*Recorded information*
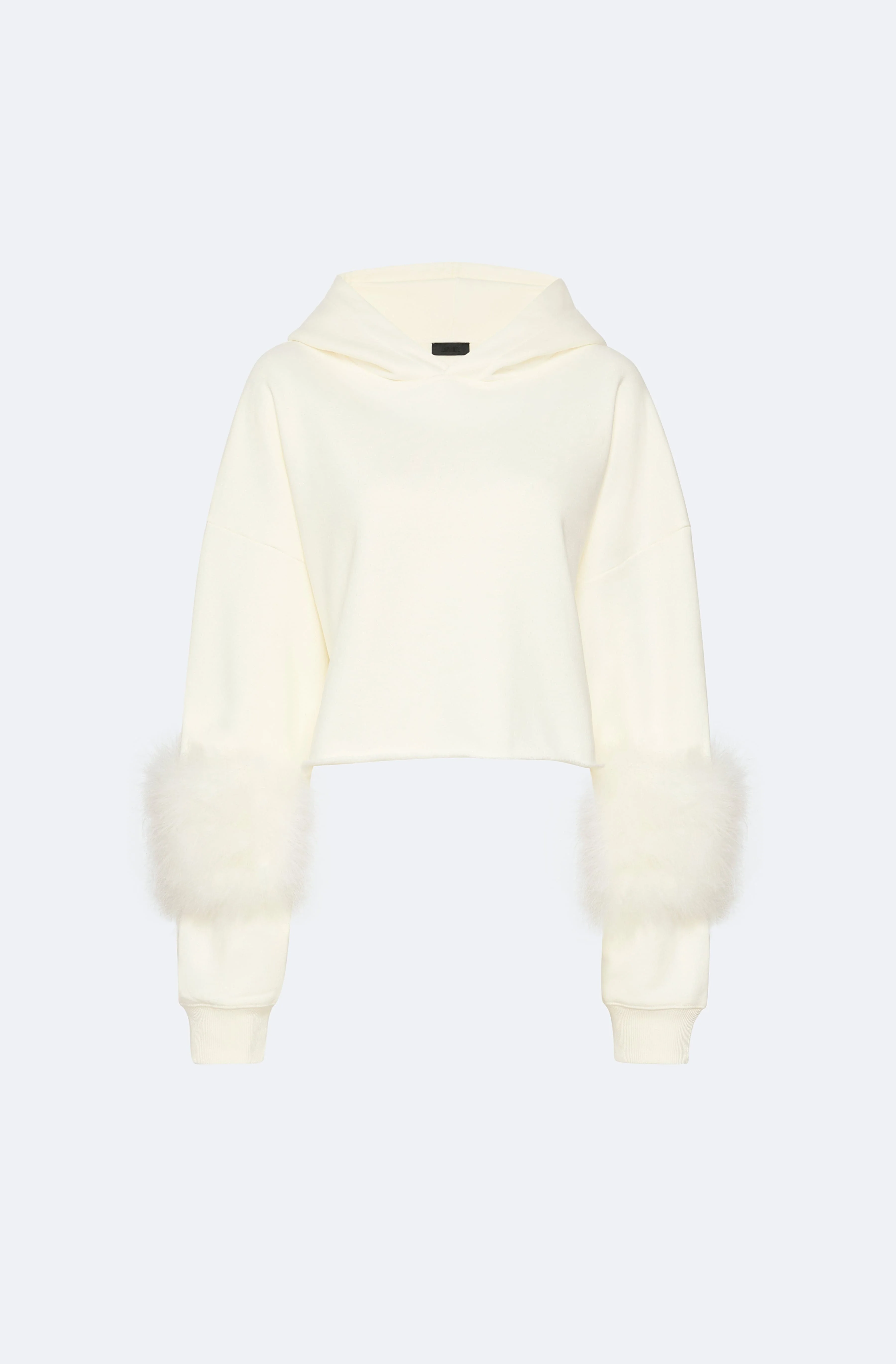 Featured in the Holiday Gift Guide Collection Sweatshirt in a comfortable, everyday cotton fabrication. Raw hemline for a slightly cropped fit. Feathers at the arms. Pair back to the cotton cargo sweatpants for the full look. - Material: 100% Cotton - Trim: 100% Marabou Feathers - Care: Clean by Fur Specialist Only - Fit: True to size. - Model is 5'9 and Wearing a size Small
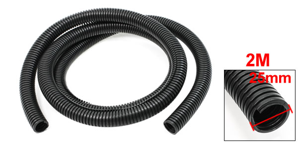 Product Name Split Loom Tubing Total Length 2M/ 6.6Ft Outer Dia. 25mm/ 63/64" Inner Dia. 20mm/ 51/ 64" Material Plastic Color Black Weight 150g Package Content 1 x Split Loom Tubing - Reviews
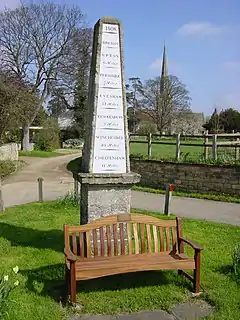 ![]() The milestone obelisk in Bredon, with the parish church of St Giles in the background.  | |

*What you will do*
Copy all of the data word for word, and keep the pictures out of it.

*Answer box*
 Featured in the Holiday Gift Guide Collection Sweatshirt in a comfortable, everyday cotton fabrication. Raw hemline for a slightly cropped fit. Feathers at the arms. Pair back to the cotton cargo sweatpants for the full look. - Material: 100% Cotton - Trim: 100% Marabou Feathers - Care: Clean by Fur Specialist Only - Fit: True to size. - Model is 5'9 and Wearing a size Small
 Product Name Split Loom Tubing Total Length 2M/ 6.6Ft Outer Dia. 25mm/ 63/64" Inner Dia. 20mm/ 51/ 64" Material Plastic Color Black Weight 150g Package Content 1 x Split Loom Tubing - Reviews
 ![]() The milestone obelisk in Bredon, with the parish church of St Giles in the background.  | |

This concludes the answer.